Transcribe only part of the material below: the lines from the one containing "Some say that" through the one containing "2024年第21周,本周现货", inclusive, exactly as written.
*** MATERIAL FOR THIS TASK Section Begins ***
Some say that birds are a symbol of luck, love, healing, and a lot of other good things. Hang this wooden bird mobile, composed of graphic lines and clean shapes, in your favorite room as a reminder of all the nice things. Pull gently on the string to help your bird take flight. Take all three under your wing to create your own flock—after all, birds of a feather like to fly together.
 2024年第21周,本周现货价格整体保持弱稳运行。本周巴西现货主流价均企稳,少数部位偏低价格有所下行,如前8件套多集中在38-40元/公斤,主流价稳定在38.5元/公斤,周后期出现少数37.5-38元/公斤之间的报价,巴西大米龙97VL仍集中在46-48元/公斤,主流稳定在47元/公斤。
*** MATERIAL FOR THIS TASK Section Ends ***
*** MATERIAL FOR THIS TASK Section Begins ***
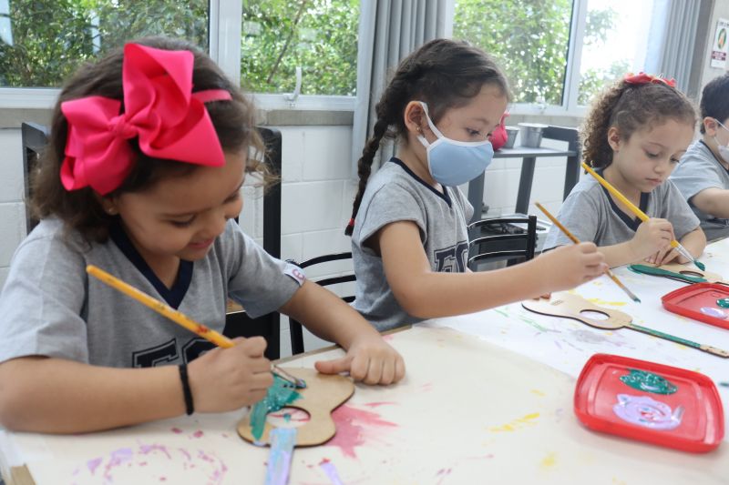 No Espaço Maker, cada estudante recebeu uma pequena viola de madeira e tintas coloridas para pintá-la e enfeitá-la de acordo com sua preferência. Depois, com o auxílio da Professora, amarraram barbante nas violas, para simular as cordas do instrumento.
*** MATERIAL FOR THIS TASK Section Ends ***
ANSWER TO THE PROBLEM:
Some say that birds are a symbol of luck, love, healing, and a lot of other good things. Hang this wooden bird mobile, composed of graphic lines and clean shapes, in your favorite room as a reminder of all the nice things. Pull gently on the string to help your bird take flight. Take all three under your wing to create your own flock—after all, birds of a feather like to fly together.
 2024年第21周,本周现货价格整体保持弱稳运行。本周巴西现货主流价均企稳,少数部位偏低价格有所下行,如前8件套多集中在38-40元/公斤,主流价稳定在38.5元/公斤,周后期出现少数37.5-38元/公斤之间的报价,巴西大米龙97VL仍集中在46-48元/公斤,主流稳定在47元/公斤。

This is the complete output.